I go up to him and we hesitate a moment, as if we may kiss on the cheek as friends rather than as—what? What are we to each other? He was the person who told me it was you they’d found, you in the toilets building. He was the man who’d taken my hand and looked me in the eye and destroyed who I was up until that moment. Our relationship isn’t cocktail-style pecking on the cheek, nor is it simply that of policeman to relative of a victim. I take his hand and hold it as he once held mine; this time it’s my hand that’s the warmer.
“I wanted to say sorry, Beatrice.”
I am about to reply when a waitress pushes between us, tray held aloft, a pencil stuck businesslike into her ponytail. I think that we should be somewhere like a church—a quiet, serious place—where the big things are talked about in whispers, not shouted above the clatter of crockery and chitchat.
We sit down at a table and I think we both find it awkwardly intimate. I break the silence. “How is PC Vernon?”
“She’s been promoted,” he replies. “She’s working for the domestic violence unit now.”
“Good for her.”
He smiles at me, and ice broken now, he takes the plunge into a deeper conversation. “You were right all along. I should have listened to you and believed you.”
I used to fantasize about hearing exactly that kind of a sentence and wish I could whisper to my earlier self that one day a policeman would be telling me that.
“At least you had a query,” I say. “And acted on it.”
“Much too late. You should never have been put in jeopardy like that.”
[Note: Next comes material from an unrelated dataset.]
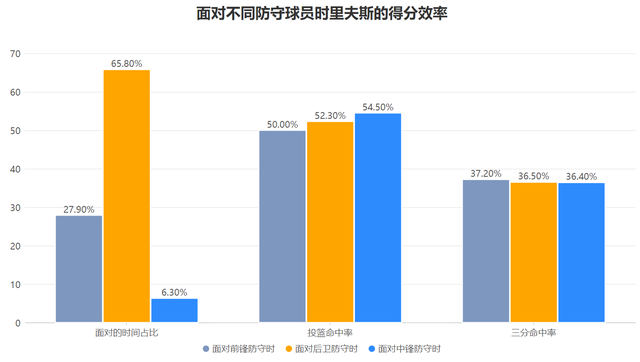 面对后卫、前锋以及中锋这三种不同位置的防守球员时,里夫斯的投篮以及三分命中率并无太大的起伏,这意味着无论面对的防守球员是何种体型,他都能通过自己的各种技巧完成稳定的得分,不会被对手球员的高矮快慢所干扰;

The sounds of the restaurant suddenly mute, the lights are dimming into darkness. I can just hear DS Finborough talking to me, reassuring me that I’m okay, but then his voice is silenced and everything is dark and I want to scream but my mouth can’t make any sound.
When I come round, I’m in the cafe’s clean and warm ladies’ room. DS Finborough is with me. He tells me I was out for about five minutes. Not so long then. But it’s the first time I’ve lost sound too. The staff at Carluccio’s have been solicitous and call me a taxi to get home. I ask DS Finborough if he’ll accompany me and he willingly agrees.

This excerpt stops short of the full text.